Lechleiter, a scientist by training, rejected two major demands from investors and analysts: he refused to do a major merger with another large pharmaceutical company, in large part because the record of other pharmaceutical megamergers has been negative for research and development. Also, Lechleiter kept investing in R&D, in spite of investors’ calls to cut it.
In 2013, Lilly spent 23.9 percent of its sales on R&D—the highest ratio among all major pharmaceutical companies, according to the Wall Street Journal.
“We increased our R&D spending as a percentage of revenue over this period. Again, investors have said to us and to other companies, ‘You’re spending too much on R&D, you’ve not been productive with it, you need to slash R&D and return that cash to shareholders.’ We think that’s absolutely the worst thing you can do in an industry where R&D is the lifeblood and where these investments are long term in nature,” Lechleiter said in an interview with the Wall Street Journal published Oct. 19.
Lilly stock price has risen 33 percent this year—best among large pharma companies and five times faster than the broader markets. But Lilly remains a controversial stock among analysts.
According to Thomson Reuters, 12 analysts rate Lilly’s stock as hold or underperform—categories which are typically interpreted as a suggestion to sell. Nine analysts rate Lilly’s stock as either a buy or strong buy.
The bear case highlights that the new drugs Lilly is bringing to market are second and third entrants into their respective markets, which will keep their sales modest.
“We Remain Cautious, Would Take Profits Here,” is how BMO Capital Markets analyst Alex Arfaei titled his Oct. 23 note to investors on Lilly.
But the bull case is that Lilly’s new drugs are relatively low-risk, meaning that Lilly is sure to get some revenue for them. Then in a couple years, Lilly will start releasing human trial results of drugs that could be home runs: solanezumab for Alzheimer’s disease and evacetrapib, which is part of a new class of cholesterol drugs. Lilly is also working on a new drug, called a CGRP inhibitor, that could be an effective treatment for migraine headaches.

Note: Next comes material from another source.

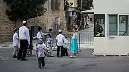En la periferia de la Ciudad Vieja se han establecido en las últimas décadas tres pequeños asentamientos israelíes: Beit Hadassah, Beit Romano y Avraham Avinu, de los cuáles se ha dicho que forman un "barrio judío vagamente contiguo".[29][30] Todos los asentamientos israelíes son ilegales según el derecho internacional, dado que el Cuarto Convenio de Ginebra expresa explícitamente que "la Potencia ocupante no podrá efectuar la evacuación o el traslado de una parte de la propia población civil al territorio por ella ocupado". A finales del siglo XIX había una zona judía en el barrio de los cristaleros.[7][31]

Bernstein Research analyst Dr. Tim Anderson, referring to Lilly by its ticker symbol, wrote in Oct. 23 note investors, “While still off in the distance a bit, the approach of evacetrapib data and solanezumab data could start to get investors excited again about the ‘what if they work after all’ scenario–these two drugs could be very large in size and transformative for LLY's financials.”